→ WHAT TO DO
Output exactly, in the material below, the lines from the one with "Органайзер для хранения" through the one with "이 이미지는 LongVILA-R1". Omit all pictures.

→ PROVIDED DATA
++++++
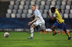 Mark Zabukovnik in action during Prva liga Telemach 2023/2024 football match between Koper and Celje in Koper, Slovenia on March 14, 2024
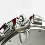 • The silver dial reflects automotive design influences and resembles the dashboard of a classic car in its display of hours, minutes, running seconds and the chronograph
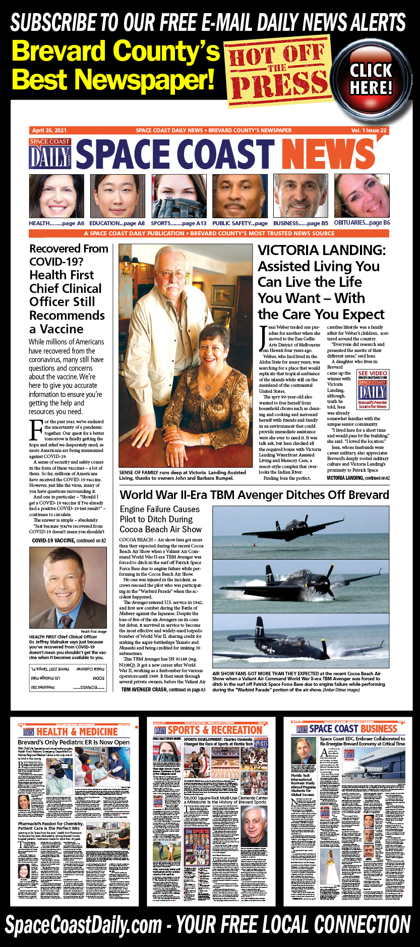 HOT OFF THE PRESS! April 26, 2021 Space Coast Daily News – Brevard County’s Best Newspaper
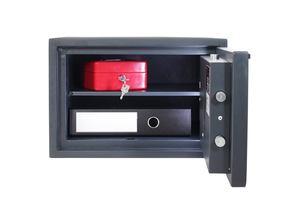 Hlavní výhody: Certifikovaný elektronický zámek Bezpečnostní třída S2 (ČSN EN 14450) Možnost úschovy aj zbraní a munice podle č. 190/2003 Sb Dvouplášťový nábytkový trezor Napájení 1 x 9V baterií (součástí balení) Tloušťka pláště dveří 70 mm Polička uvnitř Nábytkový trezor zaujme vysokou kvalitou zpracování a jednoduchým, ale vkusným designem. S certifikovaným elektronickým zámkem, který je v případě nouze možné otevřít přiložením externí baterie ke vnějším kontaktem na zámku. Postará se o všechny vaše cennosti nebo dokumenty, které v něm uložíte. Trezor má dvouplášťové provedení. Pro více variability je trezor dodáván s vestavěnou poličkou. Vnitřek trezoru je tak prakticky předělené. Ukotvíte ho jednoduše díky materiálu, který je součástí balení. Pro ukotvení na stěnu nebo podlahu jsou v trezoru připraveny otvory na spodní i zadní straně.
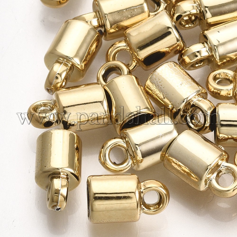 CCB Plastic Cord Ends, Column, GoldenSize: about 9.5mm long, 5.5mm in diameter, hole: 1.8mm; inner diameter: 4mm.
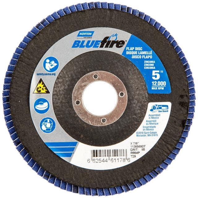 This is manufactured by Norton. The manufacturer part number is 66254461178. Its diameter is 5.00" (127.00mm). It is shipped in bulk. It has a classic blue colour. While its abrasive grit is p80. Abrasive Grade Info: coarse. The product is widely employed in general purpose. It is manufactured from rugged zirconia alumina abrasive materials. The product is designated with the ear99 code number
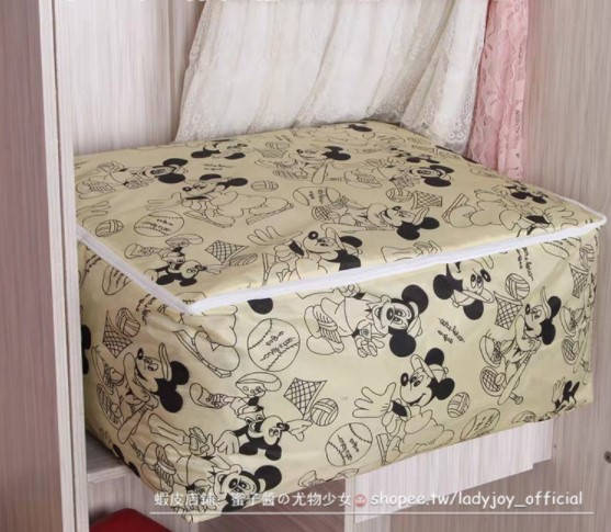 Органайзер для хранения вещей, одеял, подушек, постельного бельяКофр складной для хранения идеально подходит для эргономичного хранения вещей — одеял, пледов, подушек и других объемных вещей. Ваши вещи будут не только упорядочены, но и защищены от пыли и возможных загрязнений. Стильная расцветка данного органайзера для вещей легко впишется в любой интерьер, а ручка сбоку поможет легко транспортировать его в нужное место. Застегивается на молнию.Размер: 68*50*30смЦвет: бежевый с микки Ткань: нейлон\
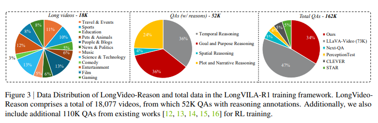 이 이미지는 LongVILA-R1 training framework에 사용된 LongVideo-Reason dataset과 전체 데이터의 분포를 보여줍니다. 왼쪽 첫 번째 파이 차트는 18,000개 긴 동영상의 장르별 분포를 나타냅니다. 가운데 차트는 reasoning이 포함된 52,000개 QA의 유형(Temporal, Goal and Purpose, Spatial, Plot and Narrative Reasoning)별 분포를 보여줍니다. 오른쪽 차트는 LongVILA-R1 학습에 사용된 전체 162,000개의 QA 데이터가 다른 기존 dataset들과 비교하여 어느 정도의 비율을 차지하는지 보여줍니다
++++++
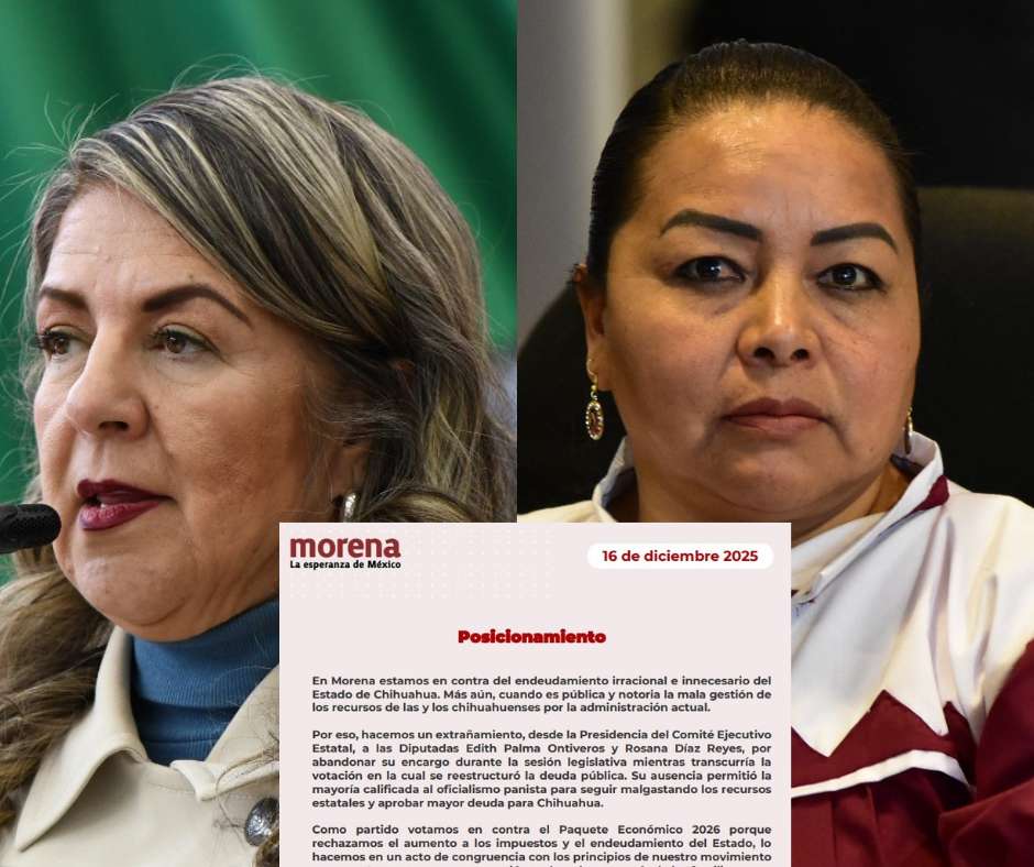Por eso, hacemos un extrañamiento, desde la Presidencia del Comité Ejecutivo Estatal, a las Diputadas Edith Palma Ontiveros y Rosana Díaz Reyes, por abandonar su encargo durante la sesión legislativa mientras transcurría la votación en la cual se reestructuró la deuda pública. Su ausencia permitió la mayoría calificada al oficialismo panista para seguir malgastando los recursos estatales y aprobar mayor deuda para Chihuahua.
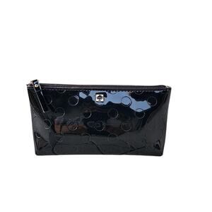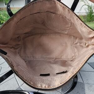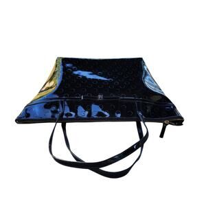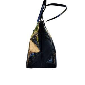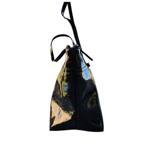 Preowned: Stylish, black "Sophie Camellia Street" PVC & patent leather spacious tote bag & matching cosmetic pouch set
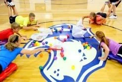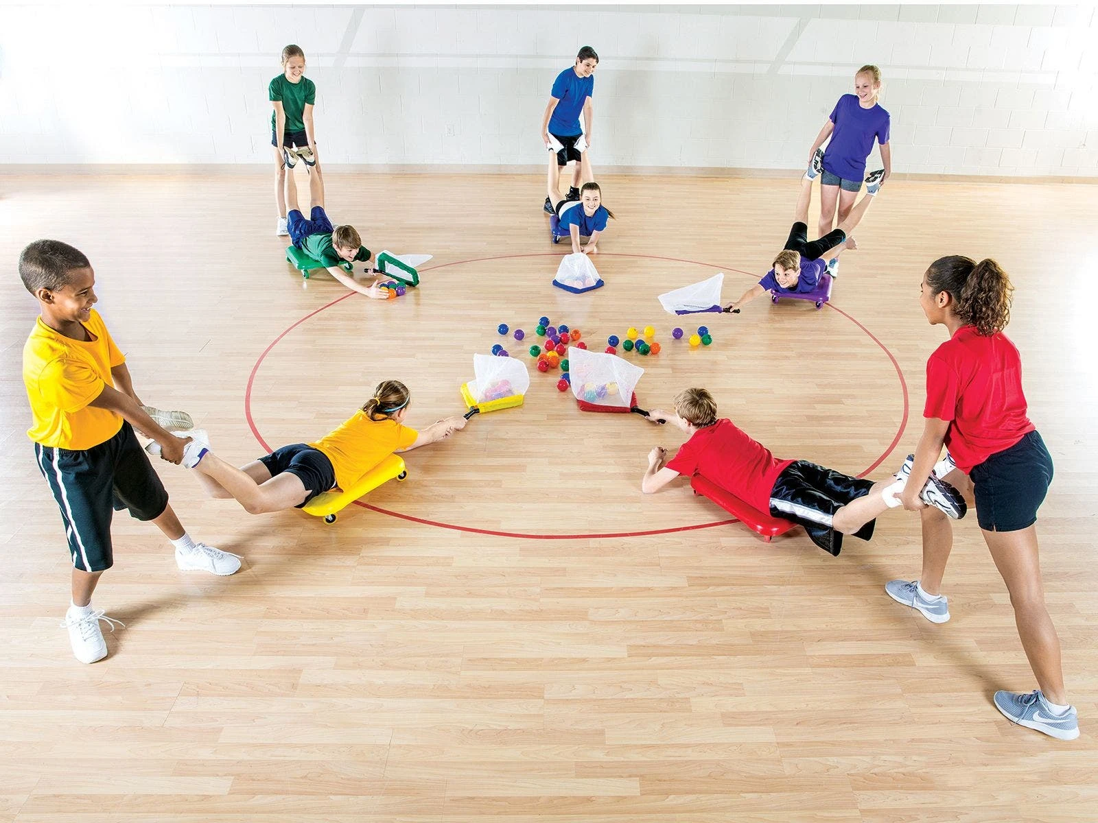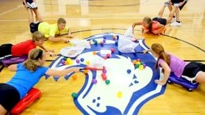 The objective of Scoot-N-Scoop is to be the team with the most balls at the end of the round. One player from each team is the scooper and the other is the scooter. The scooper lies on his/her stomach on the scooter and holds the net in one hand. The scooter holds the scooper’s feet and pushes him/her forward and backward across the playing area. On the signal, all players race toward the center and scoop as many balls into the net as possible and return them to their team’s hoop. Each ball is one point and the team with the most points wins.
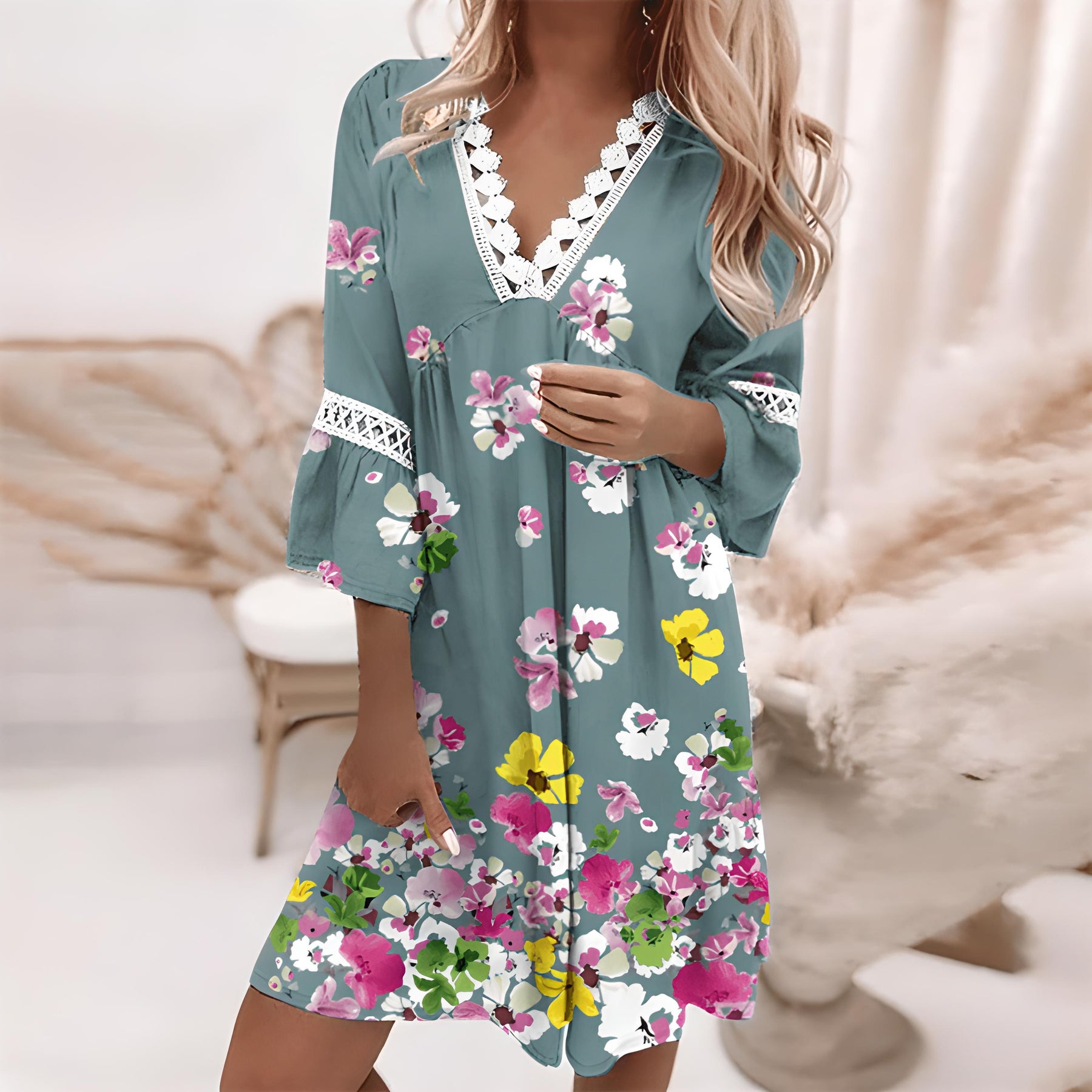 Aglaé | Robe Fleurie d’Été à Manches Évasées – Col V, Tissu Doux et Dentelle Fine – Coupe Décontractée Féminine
++++++
→ SOLUTION
 Органайзер для хранения вещей, одеял, подушек, постельного бельяКофр складной для хранения идеально подходит для эргономичного хранения вещей — одеял, пледов, подушек и других объемных вещей. Ваши вещи будут не только упорядочены, но и защищены от пыли и возможных загрязнений. Стильная расцветка данного органайзера для вещей легко впишется в любой интерьер, а ручка сбоку поможет легко транспортировать его в нужное место. Застегивается на молнию.Размер: 68*50*30смЦвет: бежевый с микки Ткань: нейлон\
 이 이미지는 LongVILA-R1 training framework에 사용된 LongVideo-Reason dataset과 전체 데이터의 분포를 보여줍니다. 왼쪽 첫 번째 파이 차트는 18,000개 긴 동영상의 장르별 분포를 나타냅니다. 가운데 차트는 reasoning이 포함된 52,000개 QA의 유형(Temporal, Goal and Purpose, Spatial, Plot and Narrative Reasoning)별 분포를 보여줍니다. 오른쪽 차트는 LongVILA-R1 학습에 사용된 전체 162,000개의 QA 데이터가 다른 기존 dataset들과 비교하여 어느 정도의 비율을 차지하는지 보여줍니다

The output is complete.